* WHAT IS BEING ASKED
Starting at the line with "There’s something incredibly", retype every line through the end of the listing exactly as written, and nothing before it.

* DATA EXCERPTS

************

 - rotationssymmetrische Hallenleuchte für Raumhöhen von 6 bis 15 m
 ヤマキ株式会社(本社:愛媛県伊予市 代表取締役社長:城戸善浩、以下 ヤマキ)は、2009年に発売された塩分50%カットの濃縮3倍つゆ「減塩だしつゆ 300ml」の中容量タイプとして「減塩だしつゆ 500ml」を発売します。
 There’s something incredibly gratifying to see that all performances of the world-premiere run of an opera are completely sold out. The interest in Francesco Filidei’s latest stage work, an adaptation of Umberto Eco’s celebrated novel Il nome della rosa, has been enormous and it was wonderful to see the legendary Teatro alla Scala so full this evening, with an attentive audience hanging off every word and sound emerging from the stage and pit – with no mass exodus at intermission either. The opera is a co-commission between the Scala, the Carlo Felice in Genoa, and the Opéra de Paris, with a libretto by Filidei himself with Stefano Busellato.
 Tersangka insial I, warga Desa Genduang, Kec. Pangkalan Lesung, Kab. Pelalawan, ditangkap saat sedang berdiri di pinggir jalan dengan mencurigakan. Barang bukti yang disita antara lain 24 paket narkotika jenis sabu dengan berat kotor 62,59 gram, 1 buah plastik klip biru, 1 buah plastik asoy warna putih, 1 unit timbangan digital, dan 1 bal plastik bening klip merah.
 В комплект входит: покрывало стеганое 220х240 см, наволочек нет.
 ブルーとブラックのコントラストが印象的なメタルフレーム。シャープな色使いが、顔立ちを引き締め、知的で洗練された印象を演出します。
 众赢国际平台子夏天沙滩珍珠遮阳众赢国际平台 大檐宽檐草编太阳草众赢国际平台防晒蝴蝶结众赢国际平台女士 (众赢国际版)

************

* SOLUTION
 There’s something incredibly gratifying to see that all performances of the world-premiere run of an opera are completely sold out. The interest in Francesco Filidei’s latest stage work, an adaptation of Umberto Eco’s celebrated novel Il nome della rosa, has been enormous and it was wonderful to see the legendary Teatro alla Scala so full this evening, with an attentive audience hanging off every word and sound emerging from the stage and pit – with no mass exodus at intermission either. The opera is a co-commission between the Scala, the Carlo Felice in Genoa, and the Opéra de Paris, with a libretto by Filidei himself with Stefano Busellato.
 Tersangka insial I, warga Desa Genduang, Kec. Pangkalan Lesung, Kab. Pelalawan, ditangkap saat sedang berdiri di pinggir jalan dengan mencurigakan. Barang bukti yang disita antara lain 24 paket narkotika jenis sabu dengan berat kotor 62,59 gram, 1 buah plastik klip biru, 1 buah plastik asoy warna putih, 1 unit timbangan digital, dan 1 bal plastik bening klip merah.
 В комплект входит: покрывало стеганое 220х240 см, наволочек нет.
 ブルーとブラックのコントラストが印象的なメタルフレーム。シャープな色使いが、顔立ちを引き締め、知的で洗練された印象を演出します。
 众赢国际平台子夏天沙滩珍珠遮阳众赢国际平台 大檐宽檐草编太阳草众赢国际平台防晒蝴蝶结众赢国际平台女士 (众赢国际版)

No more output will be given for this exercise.